Return the lines of the listing below exactly as they appear, beginning at the one with "Вязаное платье Mango" and stopping after the one with "Borris; County of"; do not include pictures.
....
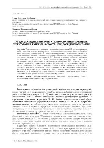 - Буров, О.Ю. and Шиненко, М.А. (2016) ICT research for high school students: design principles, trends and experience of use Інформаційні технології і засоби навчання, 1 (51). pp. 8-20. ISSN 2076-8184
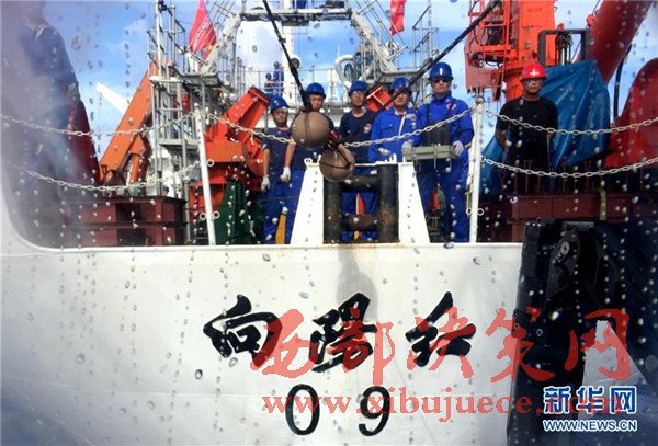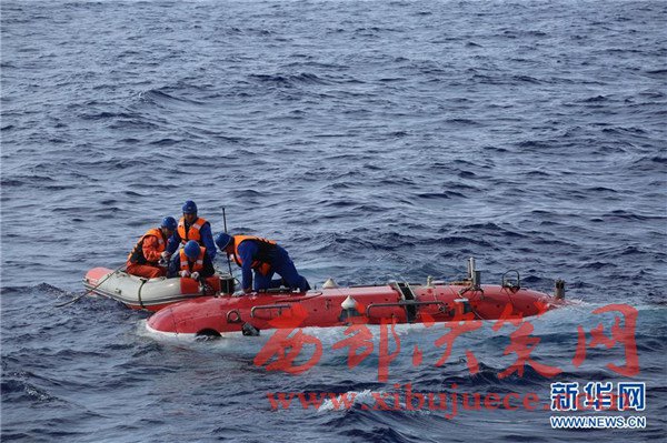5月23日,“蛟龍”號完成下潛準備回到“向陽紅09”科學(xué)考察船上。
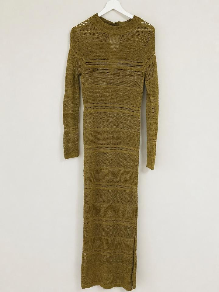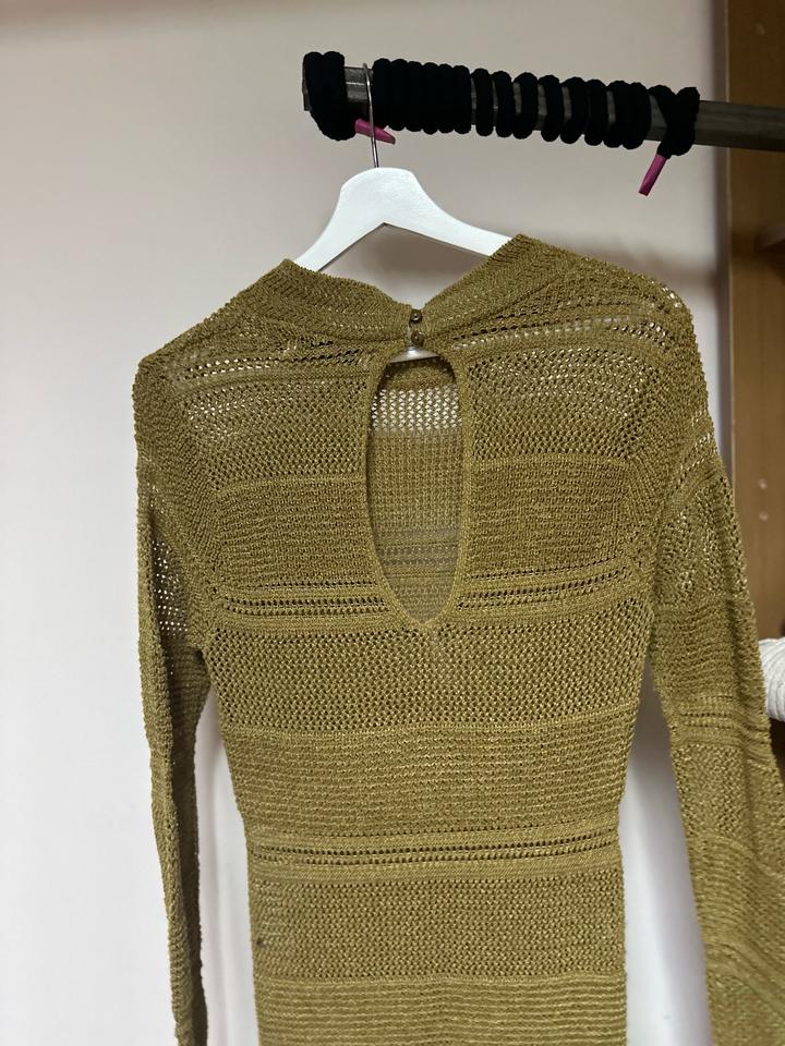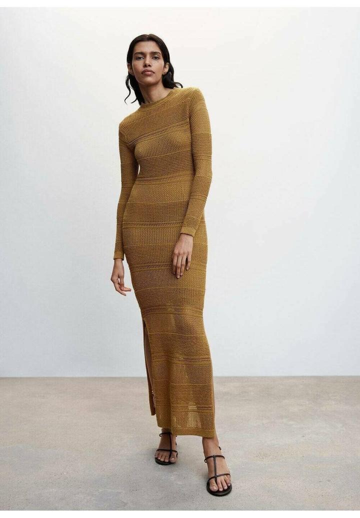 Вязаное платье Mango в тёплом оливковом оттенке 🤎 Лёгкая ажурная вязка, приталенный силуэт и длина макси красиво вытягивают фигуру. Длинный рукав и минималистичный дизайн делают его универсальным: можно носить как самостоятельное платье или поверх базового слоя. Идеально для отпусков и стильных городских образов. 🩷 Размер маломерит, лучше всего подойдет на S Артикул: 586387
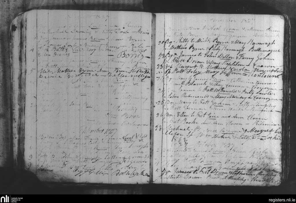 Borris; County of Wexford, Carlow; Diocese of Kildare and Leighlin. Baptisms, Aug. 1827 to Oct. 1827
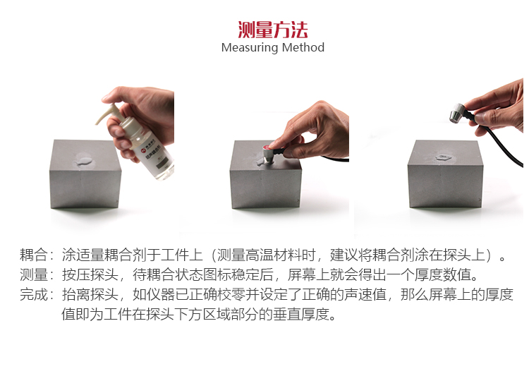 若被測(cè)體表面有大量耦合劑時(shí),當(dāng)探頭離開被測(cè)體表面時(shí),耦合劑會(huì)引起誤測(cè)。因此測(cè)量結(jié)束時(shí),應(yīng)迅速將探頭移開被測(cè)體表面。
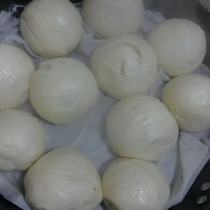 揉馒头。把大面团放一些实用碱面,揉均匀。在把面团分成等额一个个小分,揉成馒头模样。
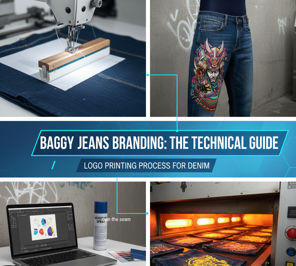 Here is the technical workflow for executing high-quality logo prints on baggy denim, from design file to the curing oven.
....
:: WRITTEN SOLUTION ::
 Вязаное платье Mango в тёплом оливковом оттенке 🤎 Лёгкая ажурная вязка, приталенный силуэт и длина макси красиво вытягивают фигуру. Длинный рукав и минималистичный дизайн делают его универсальным: можно носить как самостоятельное платье или поверх базового слоя. Идеально для отпусков и стильных городских образов. 🩷 Размер маломерит, лучше всего подойдет на S Артикул: 586387
 Borris; County of Wexford, Carlow; Diocese of Kildare and Leighlin. Baptisms, Aug. 1827 to Oct. 1827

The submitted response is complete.